▸ Assigned task:
Return, exactly and in full, the lines of the records below starting at the one with "5.Stick the nuts" and ending at the one with "Разделочный нож серии", and no other lines.

▸ Records supplied:
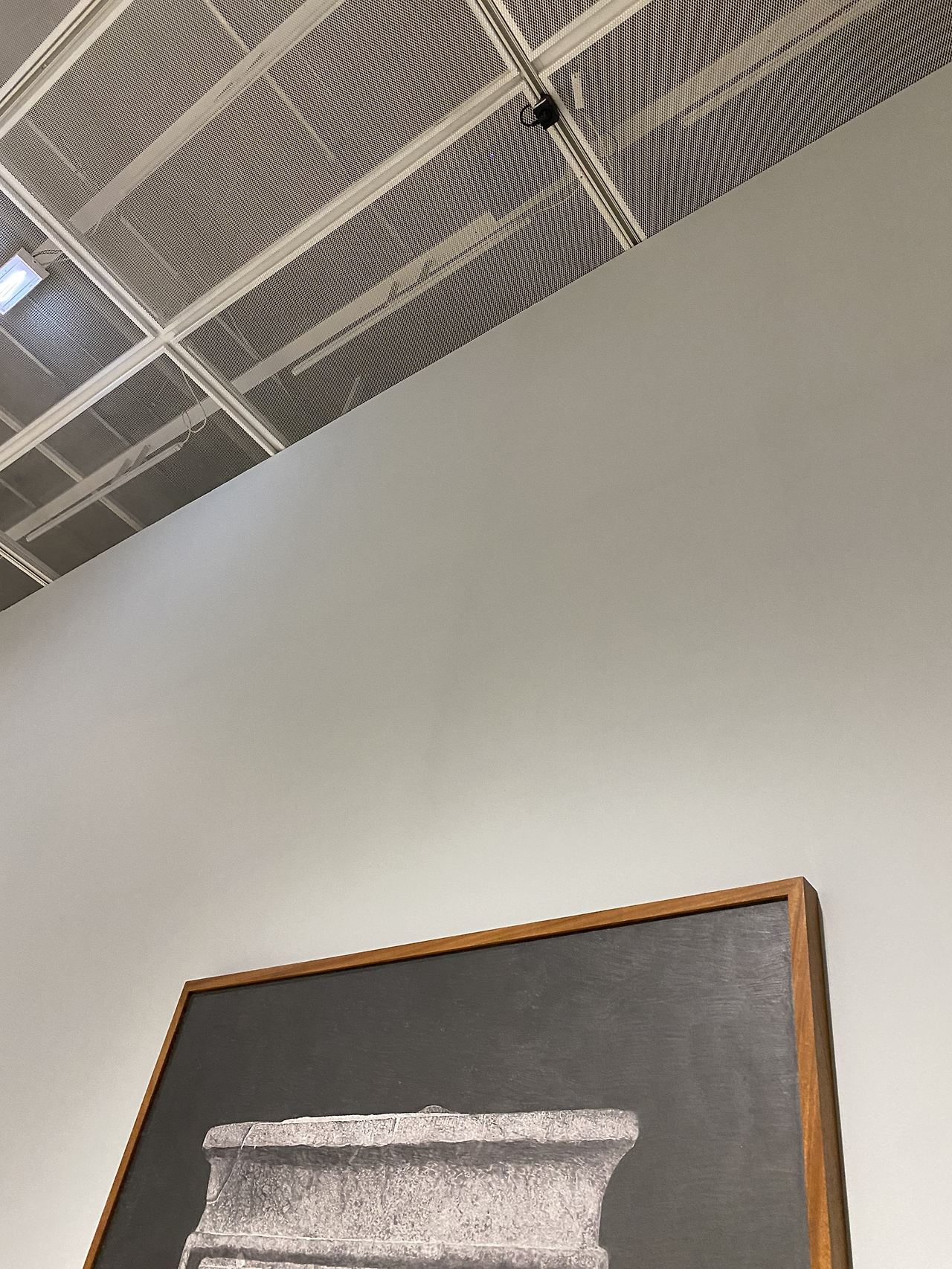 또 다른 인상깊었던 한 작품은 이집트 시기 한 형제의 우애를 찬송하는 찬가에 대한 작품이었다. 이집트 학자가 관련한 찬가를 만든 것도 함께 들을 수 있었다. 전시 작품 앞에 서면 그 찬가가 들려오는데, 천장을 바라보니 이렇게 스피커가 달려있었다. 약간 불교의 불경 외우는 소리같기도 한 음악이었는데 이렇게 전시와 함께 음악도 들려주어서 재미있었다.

--

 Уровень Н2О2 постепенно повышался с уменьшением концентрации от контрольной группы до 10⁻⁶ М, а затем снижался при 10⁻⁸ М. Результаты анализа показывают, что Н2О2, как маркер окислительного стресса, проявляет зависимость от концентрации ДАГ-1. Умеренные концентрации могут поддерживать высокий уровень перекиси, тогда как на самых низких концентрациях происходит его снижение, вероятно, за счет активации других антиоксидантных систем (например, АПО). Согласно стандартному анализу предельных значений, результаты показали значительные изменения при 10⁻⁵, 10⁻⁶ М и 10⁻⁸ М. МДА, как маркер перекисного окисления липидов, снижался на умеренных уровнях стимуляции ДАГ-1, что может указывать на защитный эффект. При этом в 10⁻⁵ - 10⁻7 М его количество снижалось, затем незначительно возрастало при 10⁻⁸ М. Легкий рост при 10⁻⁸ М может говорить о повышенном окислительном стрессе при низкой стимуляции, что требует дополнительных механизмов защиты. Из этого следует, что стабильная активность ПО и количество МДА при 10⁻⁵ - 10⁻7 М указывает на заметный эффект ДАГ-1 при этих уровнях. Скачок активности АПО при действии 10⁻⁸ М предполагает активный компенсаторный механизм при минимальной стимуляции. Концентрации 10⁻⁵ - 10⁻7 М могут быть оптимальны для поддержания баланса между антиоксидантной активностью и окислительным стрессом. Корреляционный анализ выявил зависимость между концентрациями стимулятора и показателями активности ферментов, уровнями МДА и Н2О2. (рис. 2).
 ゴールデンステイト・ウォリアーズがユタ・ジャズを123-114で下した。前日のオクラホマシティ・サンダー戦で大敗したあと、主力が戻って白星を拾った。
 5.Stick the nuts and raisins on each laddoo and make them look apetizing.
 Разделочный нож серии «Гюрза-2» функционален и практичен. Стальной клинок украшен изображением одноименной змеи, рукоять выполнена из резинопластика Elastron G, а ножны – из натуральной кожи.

▸ Answer to the problem:
 5.Stick the nuts and raisins on each laddoo and make them look apetizing.
 Разделочный нож серии «Гюрза-2» функционален и практичен. Стальной клинок украшен изображением одноименной змеи, рукоять выполнена из резинопластика Elastron G, а ножны – из натуральной кожи.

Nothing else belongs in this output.